══ EXERCISE MATERIAL ══

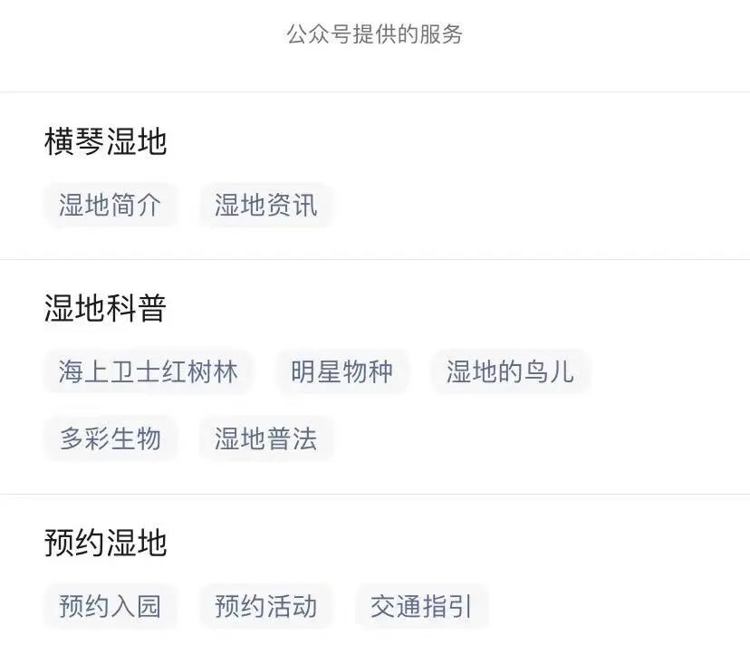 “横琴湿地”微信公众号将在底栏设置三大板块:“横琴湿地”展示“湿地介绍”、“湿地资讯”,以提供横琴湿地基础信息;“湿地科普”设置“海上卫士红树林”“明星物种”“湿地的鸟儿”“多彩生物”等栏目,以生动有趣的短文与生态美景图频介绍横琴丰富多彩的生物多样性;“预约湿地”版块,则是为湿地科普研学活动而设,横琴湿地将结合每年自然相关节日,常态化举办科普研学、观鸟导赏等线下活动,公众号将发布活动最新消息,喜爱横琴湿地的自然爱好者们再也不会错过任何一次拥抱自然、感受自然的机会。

═══
══ EXERCISE MATERIAL ══

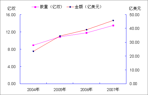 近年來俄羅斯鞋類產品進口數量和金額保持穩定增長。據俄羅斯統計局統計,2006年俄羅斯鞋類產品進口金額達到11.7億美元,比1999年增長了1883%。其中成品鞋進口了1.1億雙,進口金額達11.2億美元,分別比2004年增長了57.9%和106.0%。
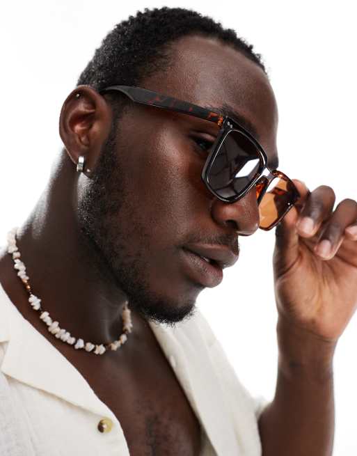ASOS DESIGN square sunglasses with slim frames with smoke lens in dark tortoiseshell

═══
══ EXERCISE MATERIAL ══

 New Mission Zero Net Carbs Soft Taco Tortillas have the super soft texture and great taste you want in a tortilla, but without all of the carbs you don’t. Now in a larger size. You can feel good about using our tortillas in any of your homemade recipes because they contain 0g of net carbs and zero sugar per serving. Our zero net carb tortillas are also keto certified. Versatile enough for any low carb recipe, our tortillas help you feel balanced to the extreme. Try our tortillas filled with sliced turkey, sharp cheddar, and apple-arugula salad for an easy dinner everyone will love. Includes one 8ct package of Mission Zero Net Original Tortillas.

═══

» ASSIGNMENT
Your answer should be the lines above, word for word, from the line with "近年來俄羅斯鞋類產品進口數量" through the line with "ASOS DESIGN square", minus the pictures.

» RESPONSE
 近年來俄羅斯鞋類產品進口數量和金額保持穩定增長。據俄羅斯統計局統計,2006年俄羅斯鞋類產品進口金額達到11.7億美元,比1999年增長了1883%。其中成品鞋進口了1.1億雙,進口金額達11.2億美元,分別比2004年增長了57.9%和106.0%。
ASOS DESIGN square sunglasses with slim frames with smoke lens in dark tortoiseshell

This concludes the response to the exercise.